Не отвечая, первая жена писателя трагическим взором окинула стол.
– Одиннадцать, двенадцать, тринадцать. Верно, я не ошиблась! Нас за столом тринадцать человек!
Критик Подгорный сразу же оживился.
– О! Мы попали в детективный роман! И сегодня вечером, – добавил он, задорно глядя на Викторию, – кто-нибудь из гостей обязательно умрет!
– Было бы неплохо, – сквозь зубы бормотнул Кирилл.
Филипп озадаченно потер пальцем бровь и принялся считать. Зная характер Илоны Альбертовны, он не исключал, что она может устроить скандал на пустом месте. Стало быть, Адрианов и дорогая теща – два. Он с Лизой – четыре. Макс и девица, которая со встревоженным видом вцепилась в его руку, – шесть. Чета Кавериных – восемь. Профессор Свечников – девять, секретарь, который только что вошел в комнату, – десять. Виктория Палей и ее спутник – двенадцать… а где же тринадцатый? Верно, критик.
– Тринадцать, – зачем-то уныло подтвердил Филипп.
– Вот видите! – вскинулась Илона Альбертовна.
– Все это глупости, – вмешался ее бывший муж. – Но, чтобы Илона не беспокоилась… – Он немного подумал. – Мы можем пригласить еще кого-нибудь.
– Наталью? – нерешительно спросила Лиза. – А кто будет подавать на стол?
– Моего шофера, – вмешался Макс.
Он так и не понял, зачем Ира с безумным видом замотала головой и еще крепче вцепилась в его руку. Его стали раздражать эти телячьи нежности, он высвободился с недовольной гримасой.
– Его зовут Толя, – продолжал Макс, – он бывший научный сотрудник или что-то в этом роде. Короче, мешать нам не будет.
– Научный сотрудник? – поднял брови профессор. – Занятные нынче пошли шоферы!
– Интеллигенции всегда приходилось нелегко, – объявил Каверин и улыбнулся. Он принадлежал к людям, которых хлебом не корми, дай сказать какое-нибудь общее место. На всякий случай жизни у него про запас всегда имелись десятки прописных истин, которые в его устах почему-то начинали казаться редкостной чушью. Викторию, во всяком случае, они раздражали, но она не раз сталкивалась с тем, что окружающие из-за этих же избитых выражений считали Дмитрия Каверина необыкновенно умным человеком. Вот и сейчас Лиза посмотрела на Надиного мужа с явным уважением.
– Все, приглашаем, – распорядился Адрианов. – Наталья! Нам нужен еще один стул для нового гостя.

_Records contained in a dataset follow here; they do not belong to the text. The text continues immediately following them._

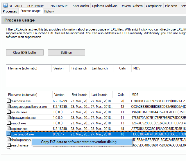 Use the right mouse button on an entry in the list of Exe files in the Process Usage tab to call up a context menu. You can use the collected data about the chosen executable file to generate an entry in the software start suppression (Software Blacklist/Whitelist).
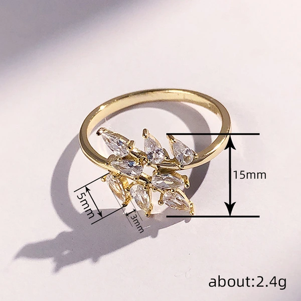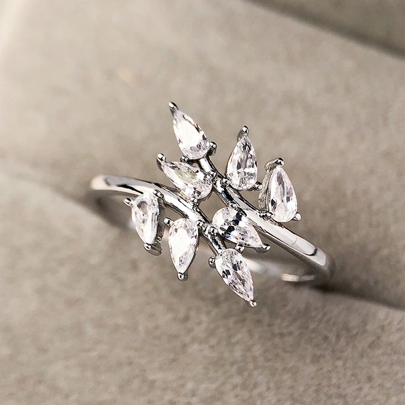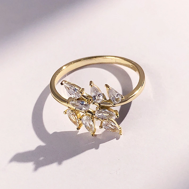 Anel de design geométrico por atacado de fábrica de fonte, joia feminina de nicho, design de personalidade, anel de gota de água com folha
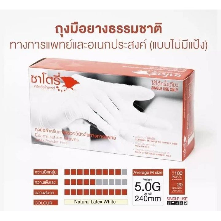 ตัวแทนแต่งตั้งจากโรงงาน - ถุงมือซาโตรี่ สีขาว แบบไม่มีแป้ง กล่องสีน้ำตาล (SATORY)
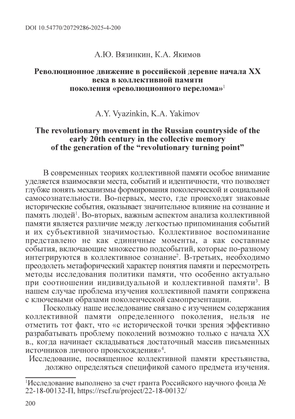 В статье на основе широкого пласта архивных документов впервые в отечественной историографии рассматривается коллективная память крестьян поколения «революционного перелома», что позволяет глубже понять роль крестьянского движения начала XX века, его участников и образы их революционной идентичности. Особое внимание уделяется вопросам восприятия революционных идей, роли сельских учителей и родственных связей в их пропаганде, а также участию крестьян в революционных акциях, таких как распространение нелегальной литературы, агитационная работа, участие в массовых протестных движениях и иных практиках сопротивления, в том числе насильственных. Важной частью исследования является выделение мотивов вовлечения в революционное движение, среди которых личные убеждения, желание перемен, сопротивление устоявшемуся порядку и поиск новых идей, а также влияние революционных идей, поступавших из города, на деревню, что впервые рассматривается в контексте их внутреннего восприятия и трансформации локальной социальной среды. Впервые в отечественной историографии анализируется специфика отражения в коллективной памяти поколения революционных практик на селе, включающая особенности методов борьбы, обусловленные аграрной спецификой и особым пространственным контекстом. В центре внимания – то, как революционные идеи формировали личностные сценарии, мировоззрение и поведенческие модели участников движения. Делается вывод, что события первой российской революции сыграли ключевую роль в радикализации сознания значительной части сельской молодежи, формировании нового мировоззрения и взглядов, существенно отличавшихся от традиционализма старших поколений российской деревни. Авторы приходят к выводу, что коллективная память изучаемого поколения отражает внутренние переживания, мотивы борьбы и личностные идеи, связанные с революционными практиками, что подчеркивает роль революции как источника личных вызовов, идей и активного участия в переменах, способствующих формированию их социальной идентичности.
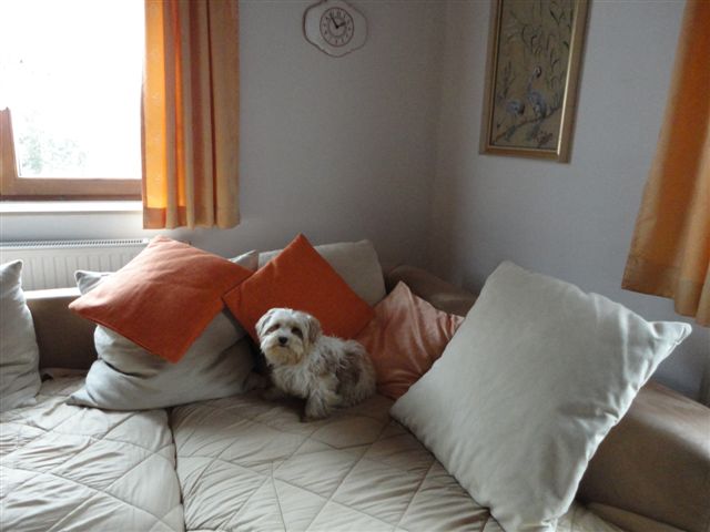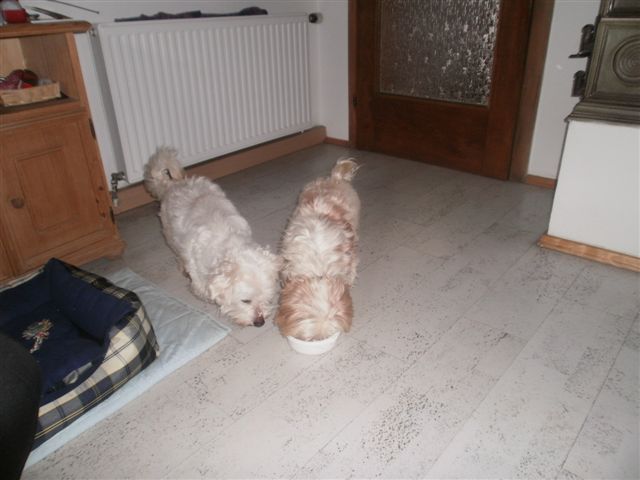 Nun ein paar Infos zu unseren neuen Mitbewohnern! Ich war ja schon immer ein karmisch denkender Mensch, aber manchmal ist es schon erstaunlich, wie sich die Dinge im Leben zusammenfügen! Chicco (vormals Austin) hat sich so gut eingelebt! Es ist beinahe so, als wäre er immer schon da gewesen, bzw. als würde er einfach zu uns gehören. In den ersten 3 Tagen schlief er nur am Boden,...sein neues Betterl hat er immer nur angesehen, als könnt er nicht glauben dass es ihm gehört. Ich frage mich oft, wenn ich in seine traurigen Augen schaue, was ihm wohl in seinem bisherigen Leben widerfahren ist!? In der Zwischenzeit genießt er es darin seinen Mittagsschlaf zu halten. Er fährt wahnsinnig gern Auto, sobald die Autotüre aufgeht sitzt er als erster drin. Abends, beim Fernsehen auf der Couch liegt er in der Mitte zwischen meinem Mann und mir. 2 - 3mal am Tag mag er Spaziergänge in seinem "neuen" Dorf. Er hat alle Hunde in der Nachbarschaft kennengelernt und versteht sich mit allen. Chicco ist ein so umgänglicher, dankbarer, lieber Kerl-wir sind total verliebt! Er liebt es Ball zu spielen! Früher sind wir mit den Kindern durch das Haus gefetzt-jetzt machen wir es mit Chicco! Außerdem mag er es gefönt zu werden, er zeigt uns täglich eine neue Facette von ihm! Seine Spielphasen sind ihm genauso wichtig, wie die Zeit zum Relaxen-er genießt einfach alles! Er war die beste Entscheidung meines (unseres) Lebens! Gino ist der Hahn im Korb eine Türe weiter! Er ist der Chef bei meiner Mutter! Und-sie werdens auf den Fotos sehen: Ich bilde mir ein, dass sich die beiden sogar ein wenig ähnlich sehen(;-D ). Seinen "Einstand" hatte er am 19., dem Geburtstag seines neuen Frauchens. Als wir uns von der Küche ins Wohnzimmer setzten, kam Gino mit dem halben Kuchen, der von der Kaffeerunde noch am Tisch stand ums Eck`,...so als wollte er uns ganz stolz seine Beute zeigen! Er klaut alles essbare,...was nicht angenagelt ist und essbar riecht, wird in sein Betterl mitgenommen. Aber es ist so lustig mitanzusehen! Seine Frauchen jammerte immer über Rückenschmerzen-jetzt mit Gino auf allen Vieren am Boden dahinzurobben-kein Problem mehr! Auch er ist ein Autofan und will nur mit dabei sein-egal wohin es geht! Am liebsten hat er die Zeit am Nachmittag- chillen mit Frauchen-das ist das Größte für den Charmeur! Meist am Nachmittag spielen Gino und Chicco zusammen, wobei ich sagen muss, dass Chicco doch eher für sich ist.(oder genießt er einach nur daß er angekommen ist?) Jeder Tag mit den beiden ist ein Erlebnis und wir sind froh uns für die beiden entschieden zu haben! Auch wenn es ein wenig schräg war, weil Gino mir ja "fremd gegangen" ist- ich denke es musste so kommen, denn so ist auch Chicco zu einer Familie gekommen! So liebe Frau Winkels-Kolinko, im Anhang sende ich Ihnen noch ein paar der unzähligen Fotos, die bisher gemacht wurden! Wenn Sie mal in unserer Gegend sind, würden wir uns freuen, Sie einladen zu dürfen!
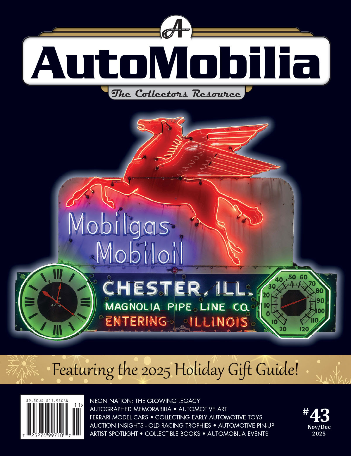 NO QUESTION YOU ARE WAY OVERDUE We don't do a lot of free stuff here at Think Fast Ink, and that's on account of we like to eat and have gas money jingling in our pockets and buy the odd automotive or motoring doodad or geegaw that strikes our fancy. Which brings us to the fine folks & like-minded friends at "AUTOMOBILIA" magazine, who cater rather completely & exclusively to folks who like automotive & motoring doodads & geegaws from the recent & distant past and especially how they tart up their garages, rec rooms, summer homes, jail cells & racecar/project car trailers. So just click on the link below and it will take you to a COMPLETELY FREE, thumb-through-it web copy of their latest--and HOLIDAY!--issue. Go ahead. It'll be fun! Just click on the cover image of the magazine below. Then, browsing, "oohing," "aahing" & oogling completed, continue on to the unrequited trivia sections below that.
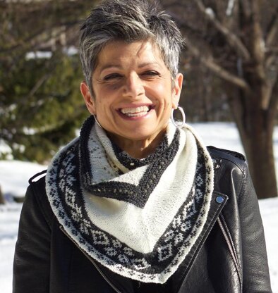 This shawl is a quick knit and includes a few fun techniques to keep your interest. There is a bit of lace, intermittent garter stitch stripes, and a border that can either be done in stranded knitting or double knitting
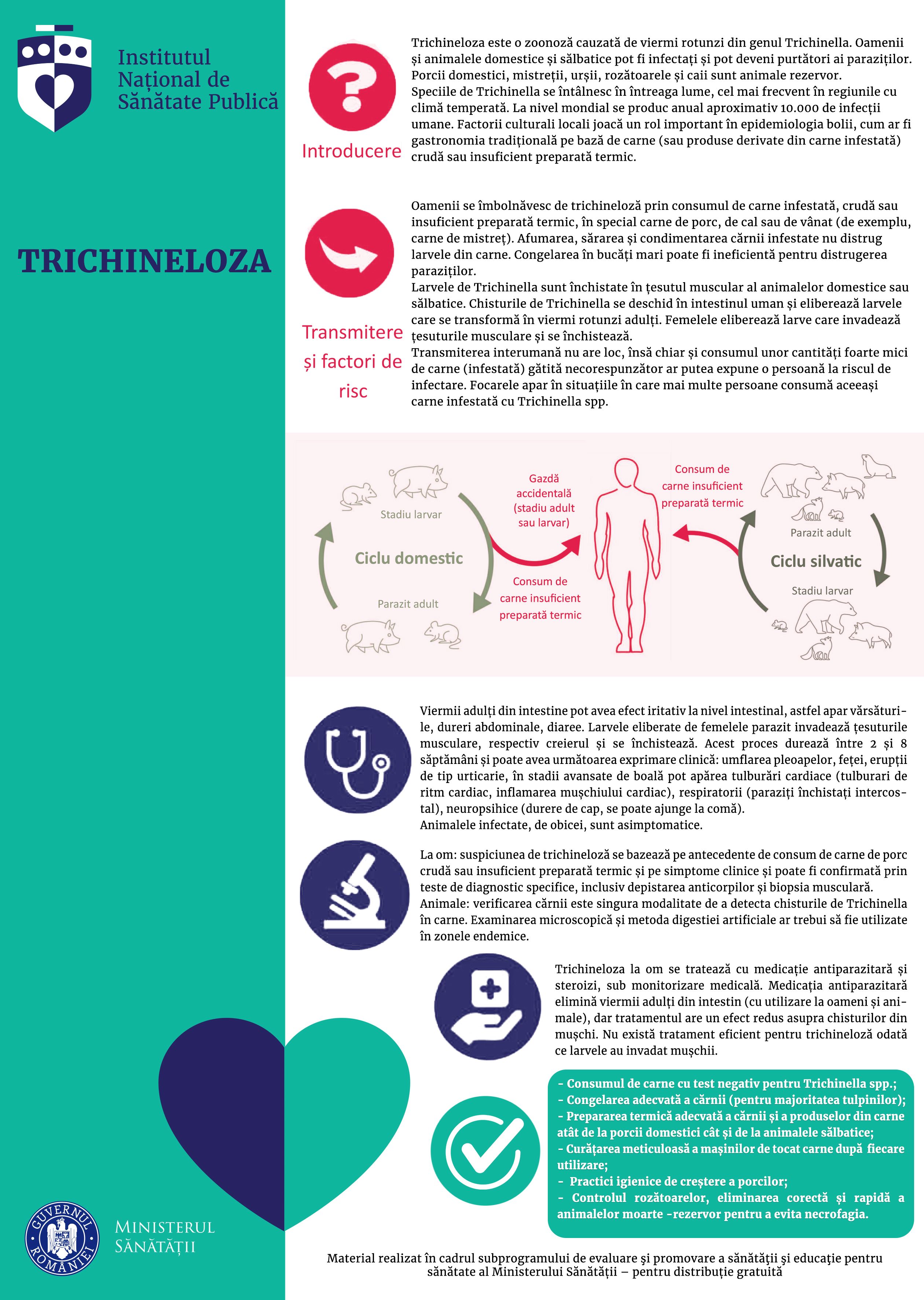 Trichineloza este o boală infecțioasă, cauzată de larvele unui vierme parazit și este transmisă de la animale la om, prin consumul de carne crudă sau insuficient preparată termic.
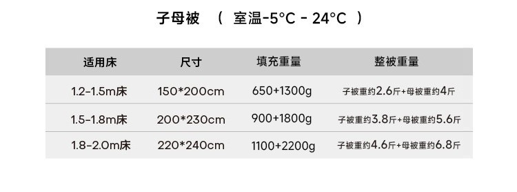 子母被220x240cm【适宜室温-5-24°C】
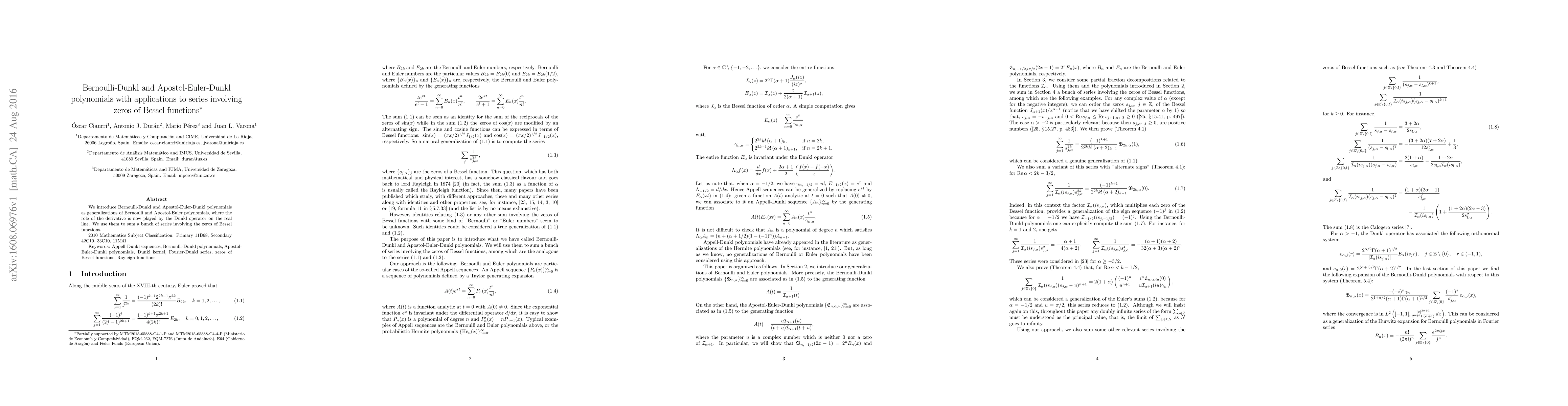 Summary: This paper introduces Bernoulli-Dunkl and Apostol-Euler-Dunkl polynomials as generalizations that utilize the Dunkl operator. These polynomials are applied to derive summations for series linked to the zeros of Bessel functions.
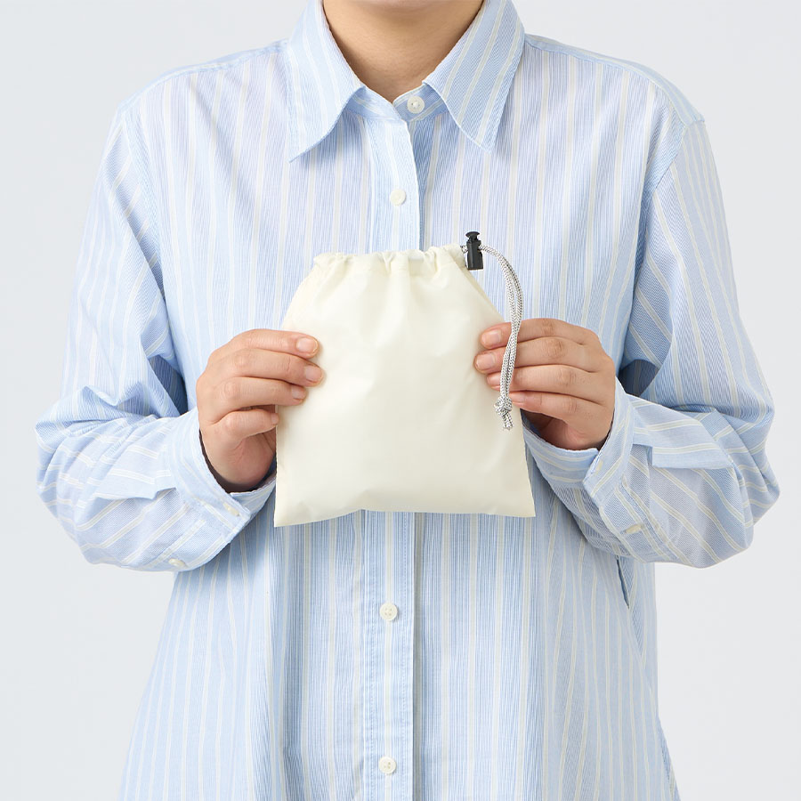 薄手のポリエステル素材とアウトドア感のあるストッパーが相性抜群!
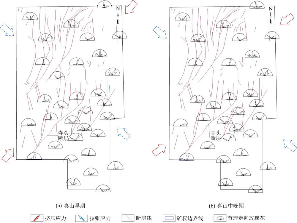 通过对野外节理(裂缝)数据的分析(图2和图3),并结合前人对沁水盆地南部的构造演化的研究成果,发现柿庄区块3号煤层形成后经受了四期构造应力场的改造(图4与图5),分别为印支期近NS向的挤压应力、燕山期NWW—SEE向的挤压应力、喜山早期NEE—SWW向挤压应力以及喜山晚期NE—SW向挤压应力[16-20]。其中印支期近南北向的水平挤压应力场对沁水盆地的影响并不大,沁水盆地仍保持了稳定状态,并未在盆地内部形成明显的地质构造,仅使盆地南部产生了一定程度的隆起抬升[16-17];燕山期是沁水盆地中生代以来最强烈的一次构造变形,在该期构造应力场的作用下,柿庄区块以挤压抬升和褶皱作用为主,形成了一系列轴向NE—NNE的宽缓的背、向斜构造和走向NW与近EW的节理[17、19];喜山早期受到NWW—SEE向的拉伸应力,燕山期形成的褶皱进一步的改造,底板形态更加复杂,并形成一些走向NNE或NE的正断层[17-19];在喜山晚期构造应力场作用下,导致盆地地壳进一步被抬升,接受剥蚀,并在第四纪老黄土中发育有节理构造[17-18]。
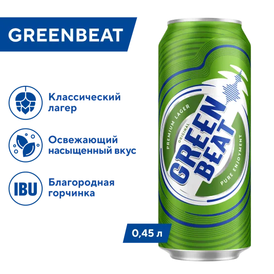Приобрети GREENBEAT Банка 0,45 и наслаждайся чистым вкусом свежести!"
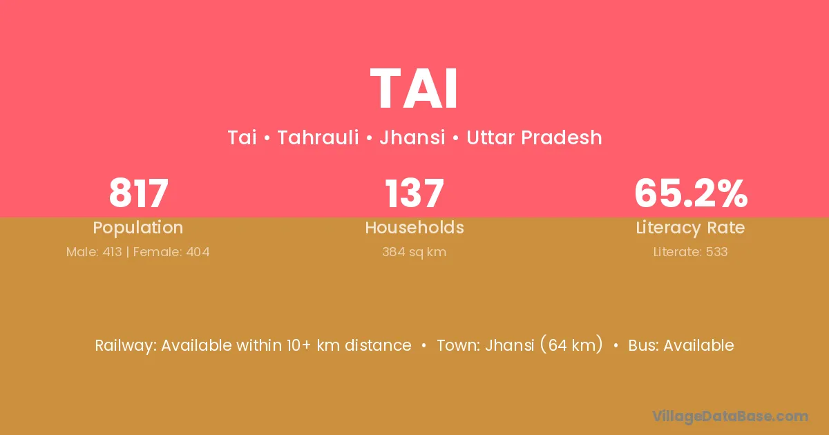 The literacy rate of Tai village is 60.19%. Male literacy stands at 73.62% and female literacy at 46.48%.

Заодно и позовите его сюда.
И он галантно отодвинул стул, помогая усесться жене. Илона Альбертовна устроилась на сиденье, мучительно размышляя о том, как тяжело в наши непростые времена сидеть за одним столом с секретарем и шофером и до чего людей может довести тяга к демократии.
– Я надеюсь, он не стащит сервиз, – на всякий случай сказала она.
Лиза укоризненно поглядела на мать. Сервиз был из фарфора с глазурью, производства страны под названием ГДР, давно исчезнувшей с карты мира. Такие сервизы в советское время водились в любом мало-мальски приличном доме, и требовалась очень большая фантазия, чтобы представить себе, что кто-то пожелает стащить это.
– Макс, – прошептала Ира, косясь на дверь, откуда с минуты на минуту должен был появиться убийца Толик, – мне надо тебе кое-что сказать!
– После, детка, после, – отмахнулся Макс.
– Но Макс!
Он повернулся к ней:
– Ты что, мать твою, совсем вести себя не умеешь? Я же сказал тебе: после!
Вот придурок, брезгливо подумал Кирилл, слышавший весь этот разговор. Мало того что связался с идиоткой, так еще и не умеет с ней обращаться. Он отвернулся, и взгляд его упал на унылое лицо Лизы, на ее длинный нос и сутулые плечи. Кирилл попытался представить себя на месте Фили, которому приходится видеть это каждый день, и он так расстроился, что у него чуть не пропал аппетит.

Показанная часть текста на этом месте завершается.